Vandaag is het 31 maart en dag 23 van de veertigdagentijd. Soms lijkt de ondergang nabij, de ondergang van een mens, een volk, een cultuur, een wereld… Ria, betrokken bij LPB Media, vertelt over de slotverzen van 2 Kronieken 36, de verzen 14-23.
Culturen ontstaan, en komen tot bloei. Maar ze bloeien ook weer uit en gaan ten onder.

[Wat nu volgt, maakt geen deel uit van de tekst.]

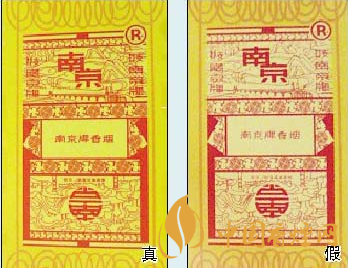 真煙條盒側面、小盒底部的老南京注冊商標圖案,紅色以外的底色部分發黃;假煙的老南京注冊商標圖案發白,圖案模糊。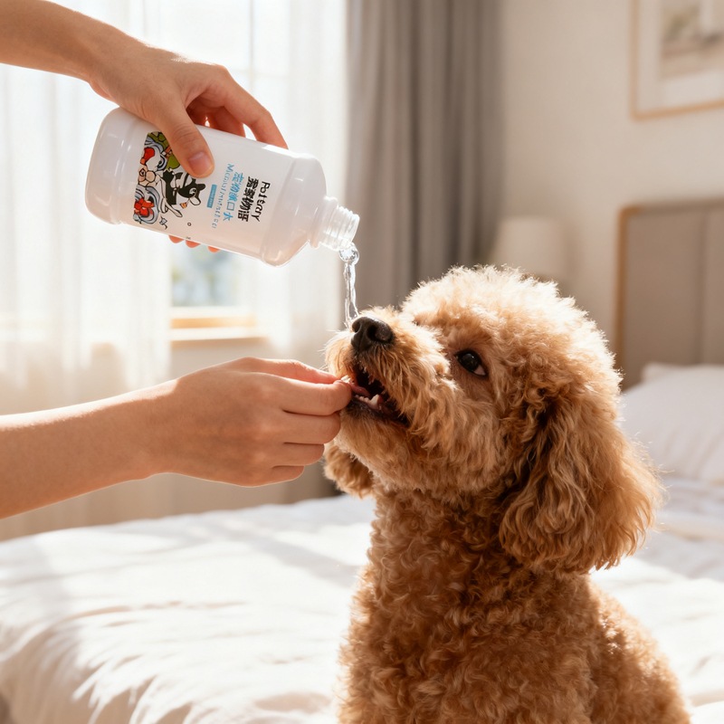 犬のうがい口の臭いは猫のペットを飲んで歯の口臭をきれいにします。

Opgaan, blinken en verzinken. In de laatste hoofdstukken van Kronieken beschrijft de auteur de ondergang van een cultuur. Je ziet het al lang van tevoren aankomen. Er zijn boodschappers die waarschuwen: Doe het anders, gooi het roer om! Maar het einde lijkt onafwendbaar. De politieke wil om te veranderen ontbreekt. Hier en daar zijn er mensen die God en zijn wetten willen hooghouden, die in de vreugde van de Heer hun kracht zoeken. Maar de samenleving als geheel dendert een andere kant op. Israël verzwakt zozeer dat de Babyloniërs het land zonder veel moeite innemen. We lezen vanaf vers 19:
“Ze staken de tempel van God in brand en haalden de stadsmuur van Jeruzalem neer. Ook alle paleizen werden in de as gelegd en alles van waarde werd vernietigd. De mensen die aan het zwaard ontkomen waren, werden als ballingen naar Babylonië meegevoerd, waar ze de koning en zijn nakomelingen als slaven dienden … totdat….”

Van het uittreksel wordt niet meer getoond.